Listone Giordano stellt übrigens mit dem floral anmutenden Einzelstab „Bisquit“ in konvexer Form, die zusammen mit der mittlerweile allgemein fußfassenden „unsichtbaren“ Touch­oberfläche eine bisher kaum erlebte Anziehungskraft erzeugt, die Designer der Mitbewerber vor eine echte Herausforderung.Überhaupt die Italiener: Garbelotto und Mazzonetto können sehr flexibel mit Holz umgehen und zeigten echte Highlights. Allerdings vermögen sie ihre eigentliche Stärke in der Exotenvielfalt nur noch sehr begrenzt auszuspielen.

Hölzer aus Übersee sind derzeit nicht gefragt, deshalb war ein Auftritt eines peruanischen Holzvermarkters umso höher zu bewerten. Die ganze Bandbreite der Holzarten des südamerikanischen Andenstaates mit ihren unbezweifelbaren Fußbodenvorzügen setzten Glanzlichter für Holzliebhaber. Einige Versuche, mit einheimischen Hölzern die Eichendominanz zu brechen, gab es ebenfalls: Kährs zeigte gefärbten, leicht gedämpften Ahorn, Grigo setzte auf die Moorulme. Die Angebote zogen zwar Aufmerksamkeit auf sich, haben aber kaum den Rückhalt, hier auf Dauer für eine wirkliche Entlastung zu sorgen.

Das gilt ebenso für Douglasienrifts oder auch vergilbungsreduzierte Esche, die diesem sehr gut parkettgeeigneten Holz nach zahllosen vergeblichen Anläufen allerdings verdiente Aufmerksamkeit bescheren könnte.
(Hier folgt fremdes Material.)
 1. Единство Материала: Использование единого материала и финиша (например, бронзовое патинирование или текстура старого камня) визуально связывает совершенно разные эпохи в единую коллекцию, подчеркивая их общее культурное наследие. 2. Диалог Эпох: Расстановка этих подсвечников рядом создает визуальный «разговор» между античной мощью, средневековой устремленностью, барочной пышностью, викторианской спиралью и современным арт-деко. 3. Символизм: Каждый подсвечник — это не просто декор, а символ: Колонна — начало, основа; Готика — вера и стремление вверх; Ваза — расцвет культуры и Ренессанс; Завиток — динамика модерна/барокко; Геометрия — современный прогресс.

Mancher Nussbaumboden löste Freude aus. Die Buche ist out, kommt aber hin und wieder modifiziert beziehungsweise eingefärbt zum Einsatz.
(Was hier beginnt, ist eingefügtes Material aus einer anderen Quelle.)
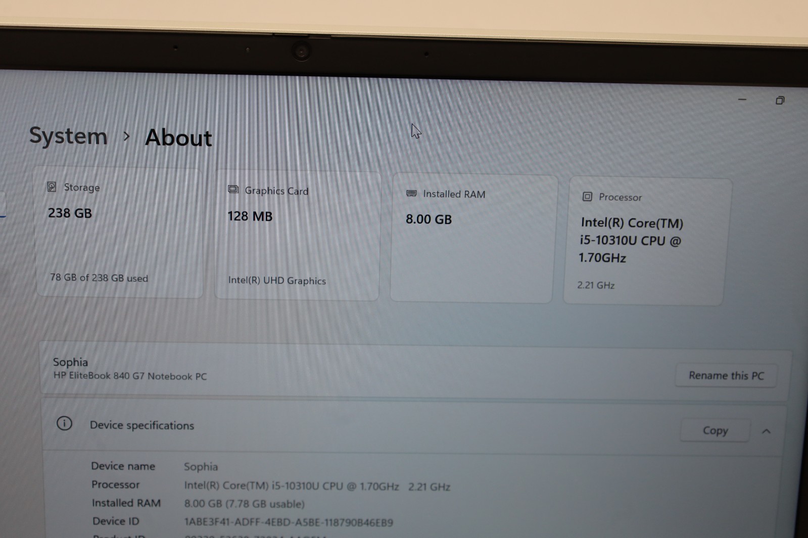 HP EliteBook 840 G7 14 Intel Core i5-10310U, 8GB RAM, 256GB SSD Windows 11 Pro

Warum auch nicht? Welches Holz in Deutschland könnte ansonsten langfristig den Kampf mit der Eiche aufnehmen? Holzpflaster bleibt mit angemessenem Anteil im Rennen um Objekte. Bambus scheint sich etwas zurückgezogen zu haben.

Oberflächen & Klebstoffe

Die Strukturen der Holzoberflächen werden zunehmend weicher. Grobe Äste, tiefe Risse und grob splint- bis fäulnishaltige Dielen gehören der Vergangenheit an. Kaum wahrnehmbare Oberflächenvergütungen, individuelle Auftragsvarianten, weiße, beziehungsweise extraweiße (Woca) und bräunliche Farbgebungen bestimmen das Bild. „Die Colour Republic“ aus Belgien zeigte dabei in beeindruckender Form, was möglich ist: Gealterte Optiken durch Patinalaugen, Combicoloröle, Hartwachsöle und oxidativ trocknende Systeme bleiben gefragt.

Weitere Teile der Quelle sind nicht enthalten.